* _PROBLEM DESCRIPTION_
Give back exactly the lines from the start of the entries below to the line holding "20.04.2017Российский квест по", that line included, and leave every picture out.

Recorded data:
——————

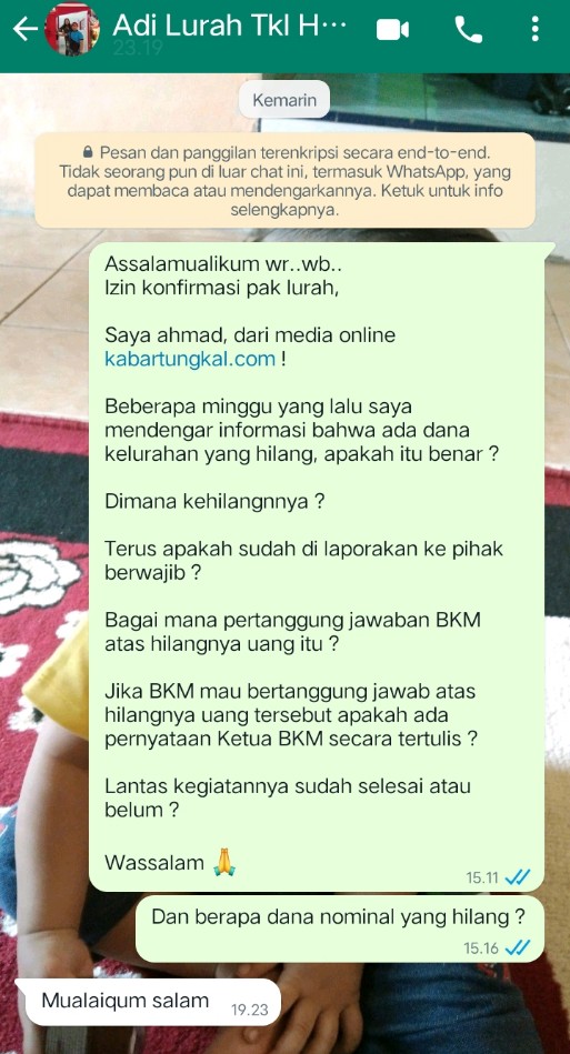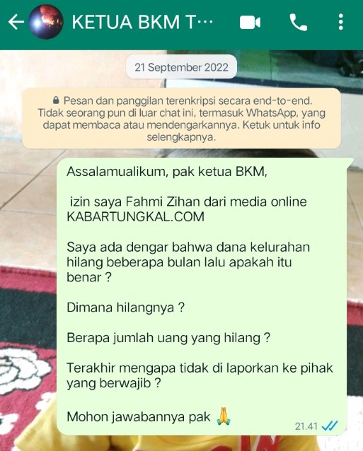 Selanjutnya awak media pun berusaha menghubungi ketua BKM guna memastikan hilangnya dana kelurahan tersebut secara detail, namun disayangkan ketua BKM memilih bungkam saat di konfirmasi awak media via whatApp-nya.
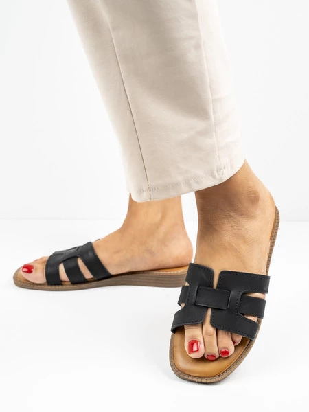 Klapki AZ-123 Black to idealne rozwiązanie na ciepłe dni. Wykonane z wysokiej jakości skóry, zapewniają komfort i trwałość przez cały dzień. Płaska podeszwa zapewnia wygodę, a przewiewny design pozwala stopom oddychać. Ich klasyczny, czarny kolor sprawia, że doskonale komponują się z każdą letnią stylizacją, od casualowych po bardziej eleganckie. To must-have w garderobie każdej kobiety ceniącej styl i komfort latem.
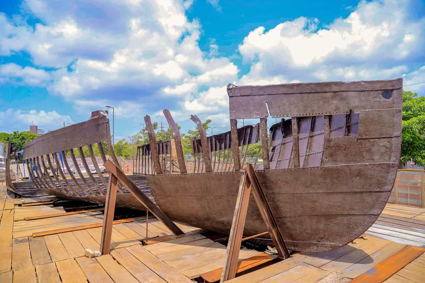 A embarcação metálica encontrada nas escavações das obras do Parque Linear da Nova Doca, em Belém, está restaurada após um processo minucioso de conservação realizado entre fevereiro e julho deste ano. Agora, a peça passa por vistorias para identificar possíveis pontos de retoques na camada de revestimento.
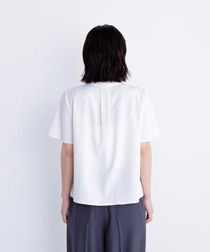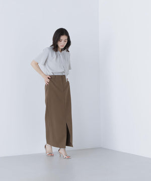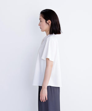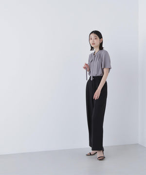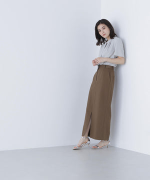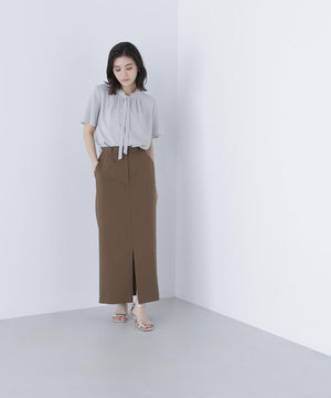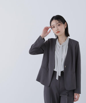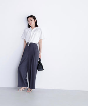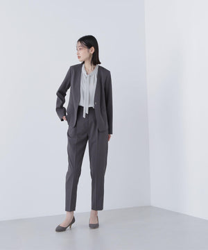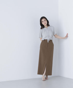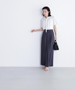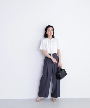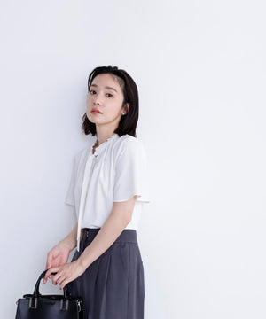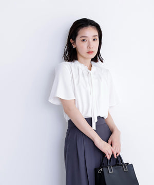 襟ぐりにあしらったフリルデザインが女性らしく、1枚でもジャケットインでも映えるナローボウタイブラウス。フリル襟の甘さを抑えてくれるナローボウタイは、リボン結びではなく、ひと巻きしてから垂らすとスタイリッシュな印象に見せてくれます。二の腕をカバーするフレアスリーブとフロントにタックを入れた立体的なデザインは、ウエストインがおすすめ。スカートもパンツも合わせやすく、オンにもオフシーンにも着ていただけます。
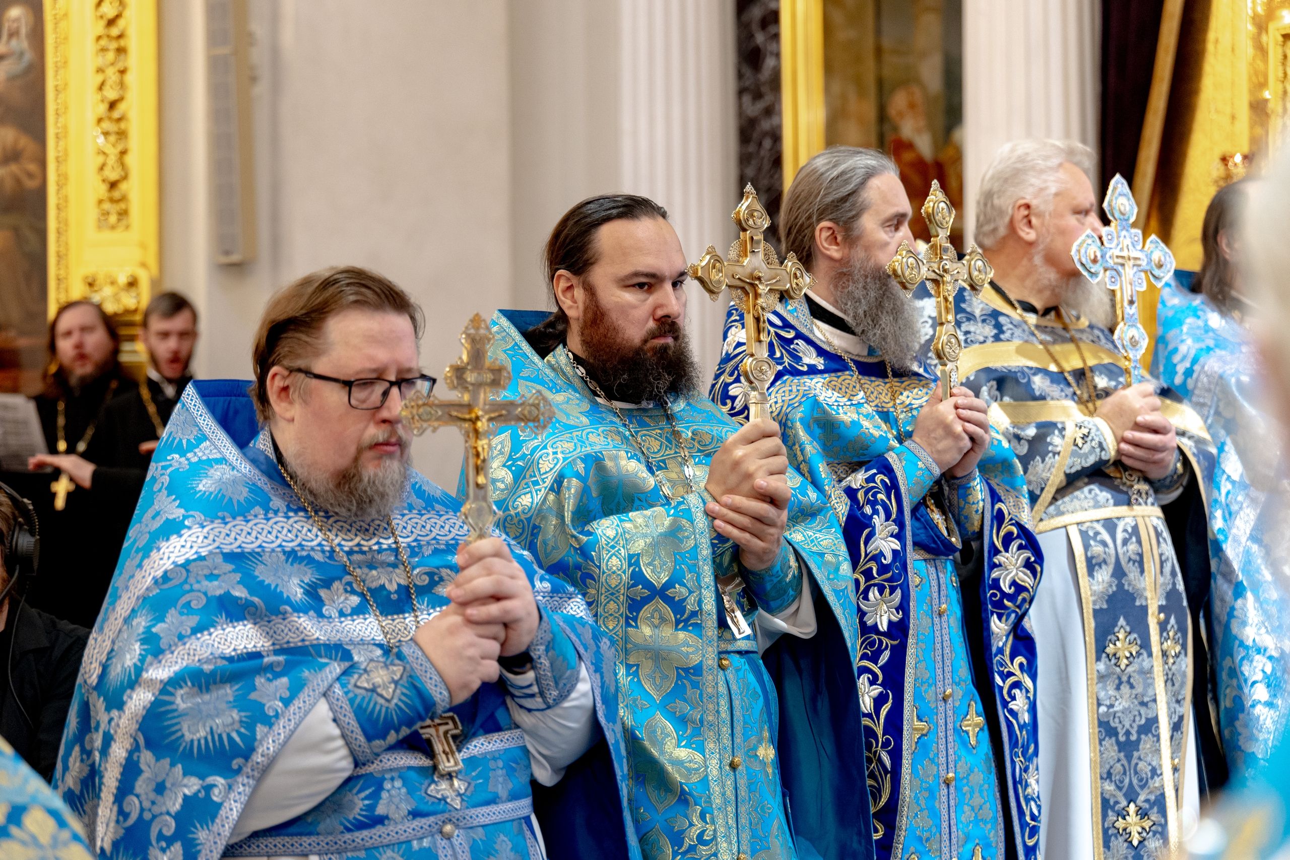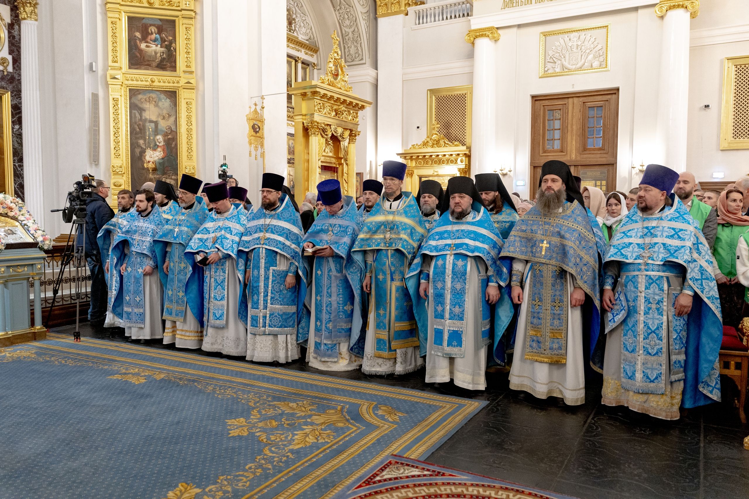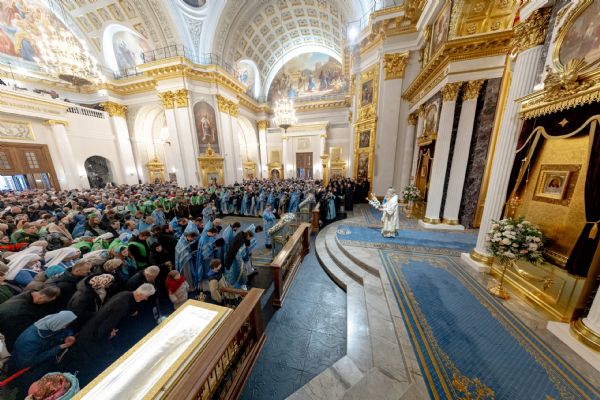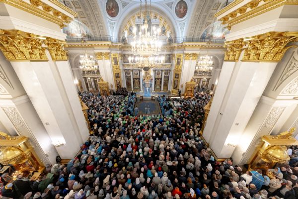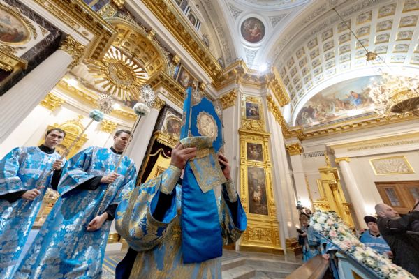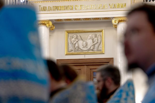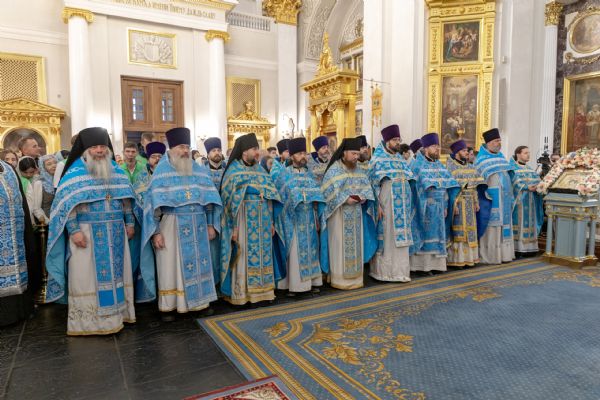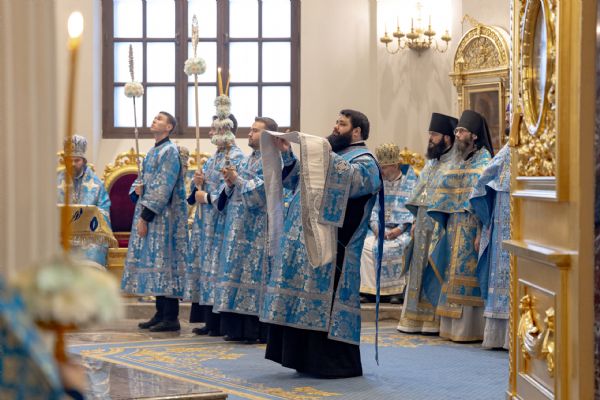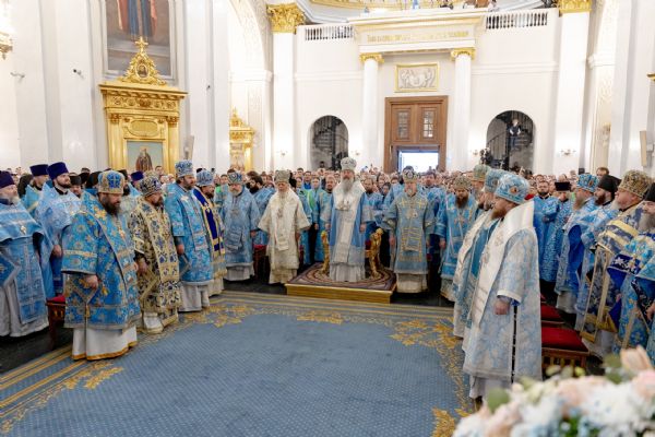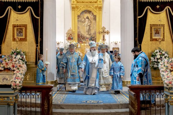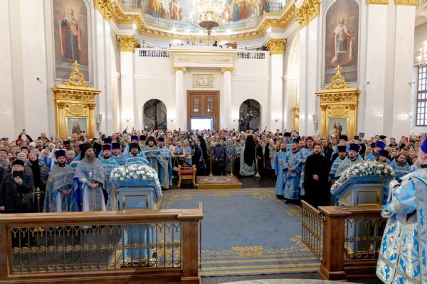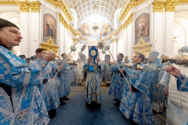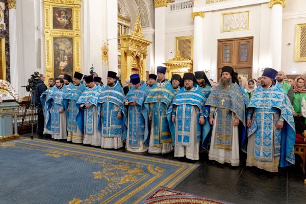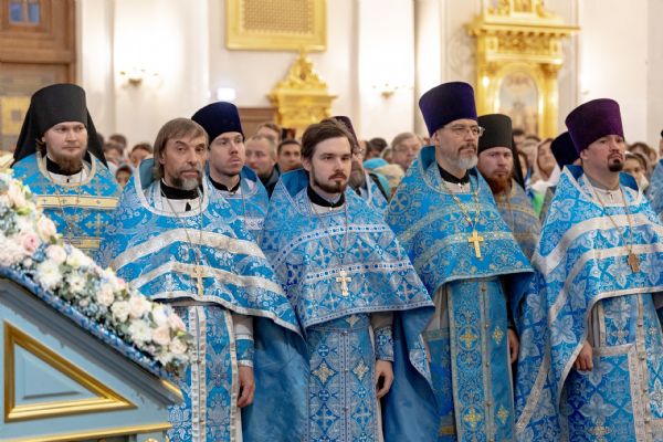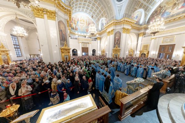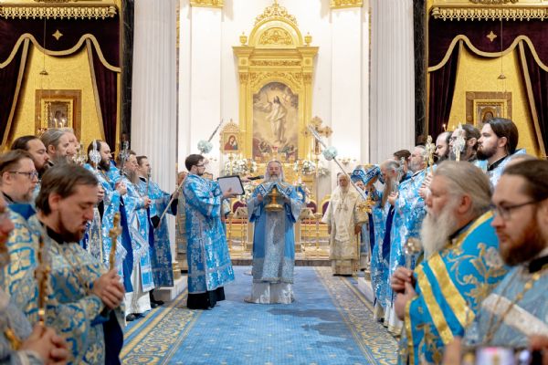 Накануне, 3 ноября, в Казанском кафедральном соборе, построенном на месте явления чудотворного образа Пресвятой Богородицы в 1579 году, было совершено всенощное бдение.
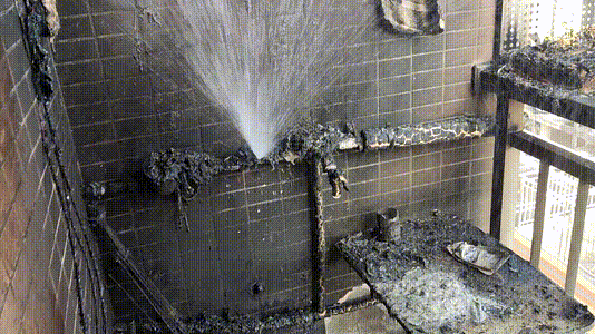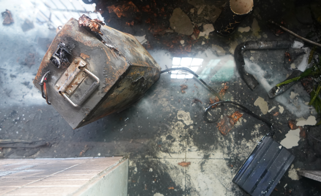 電瓶燃燒燒破陽臺pvc水管,水管噴灑出水將火情控制,火勢未進一步擴大。事發(fā)后內(nèi)部墻體被濃煙嚴重熏黑,現(xiàn)場一片狼藉,所幸未造成人員傷亡。
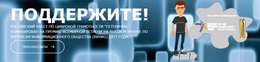 20.04.2017Российский квест по цифровой грамотности "Сетевичок" номинирован на Премию Всемирной встречи на высшем уровне по вопросам информационного общества (ВВУИО) 2017 года. Организаторы Премии Международный союз электросвязи, программа развития ООН, Юнеско и конференция ООН по торговле и развитию.Сейчас стартовало Народное голосование и все могут принять участие в нем.
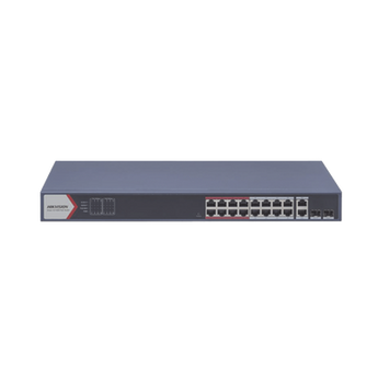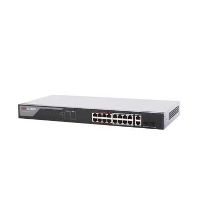 Switch POE+ DS-3E1318P-EI 16 puertos 10/100 mbps 2 puertos uplink 1000 mbps modo extendido 300 m aislado de puertos link aggregation. Este switch ofrece 16 puertos PoE 802.3af/at, 2 puertos uplink de hasta 1000 Mbps, y un modo extendido que permite conexiones de hasta 300 metros, optimizando la transmisión de video. Incluye características como aislado de puertos y gestión web a través de HikPartner Pro, facilitando la conexión y gestión eficiente de dispositivos PoE.
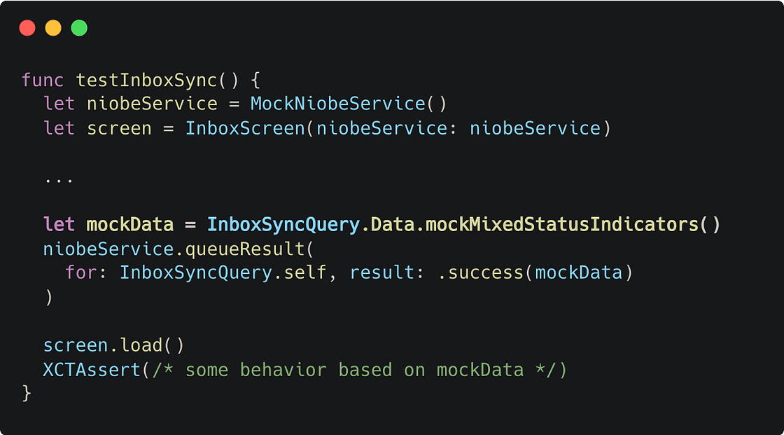 During code generation, Niobe produces both a JSON file containing the actual mock data for each @generateMock directive, as well as a source file that provides functions for loading and consuming mock data from demo apps, snapshot tests, and unit tests. As shown in the Swift code below, the mockMixedStatusIndicators() function is generated on the InboxSyncQuery’s root Data type. It provides access to an instantiated type that’s populated with the generated mock data for mixed_status_indicators, allowing engineers to use the mock without having to load the JSON data manually:

——————

* _ANSWER SPACE_
 Selanjutnya awak media pun berusaha menghubungi ketua BKM guna memastikan hilangnya dana kelurahan tersebut secara detail, namun disayangkan ketua BKM memilih bungkam saat di konfirmasi awak media via whatApp-nya.
 Klapki AZ-123 Black to idealne rozwiązanie na ciepłe dni. Wykonane z wysokiej jakości skóry, zapewniają komfort i trwałość przez cały dzień. Płaska podeszwa zapewnia wygodę, a przewiewny design pozwala stopom oddychać. Ich klasyczny, czarny kolor sprawia, że doskonale komponują się z każdą letnią stylizacją, od casualowych po bardziej eleganckie. To must-have w garderobie każdej kobiety ceniącej styl i komfort latem.
 A embarcação metálica encontrada nas escavações das obras do Parque Linear da Nova Doca, em Belém, está restaurada após um processo minucioso de conservação realizado entre fevereiro e julho deste ano. Agora, a peça passa por vistorias para identificar possíveis pontos de retoques na camada de revestimento.
 襟ぐりにあしらったフリルデザインが女性らしく、1枚でもジャケットインでも映えるナローボウタイブラウス。フリル襟の甘さを抑えてくれるナローボウタイは、リボン結びではなく、ひと巻きしてから垂らすとスタイリッシュな印象に見せてくれます。二の腕をカバーするフレアスリーブとフロントにタックを入れた立体的なデザインは、ウエストインがおすすめ。スカートもパンツも合わせやすく、オンにもオフシーンにも着ていただけます。
 Накануне, 3 ноября, в Казанском кафедральном соборе, построенном на месте явления чудотворного образа Пресвятой Богородицы в 1579 году, было совершено всенощное бдение.
 電瓶燃燒燒破陽臺pvc水管,水管噴灑出水將火情控制,火勢未進一步擴大。事發(fā)后內(nèi)部墻體被濃煙嚴重熏黑,現(xiàn)場一片狼藉,所幸未造成人員傷亡。
 20.04.2017Российский квест по цифровой грамотности "Сетевичок" номинирован на Премию Всемирной встречи на высшем уровне по вопросам информационного общества (ВВУИО) 2017 года. Организаторы Премии Международный союз электросвязи, программа развития ООН, Юнеско и конференция ООН по торговле и развитию.Сейчас стартовало Народное голосование и все могут принять участие в нем.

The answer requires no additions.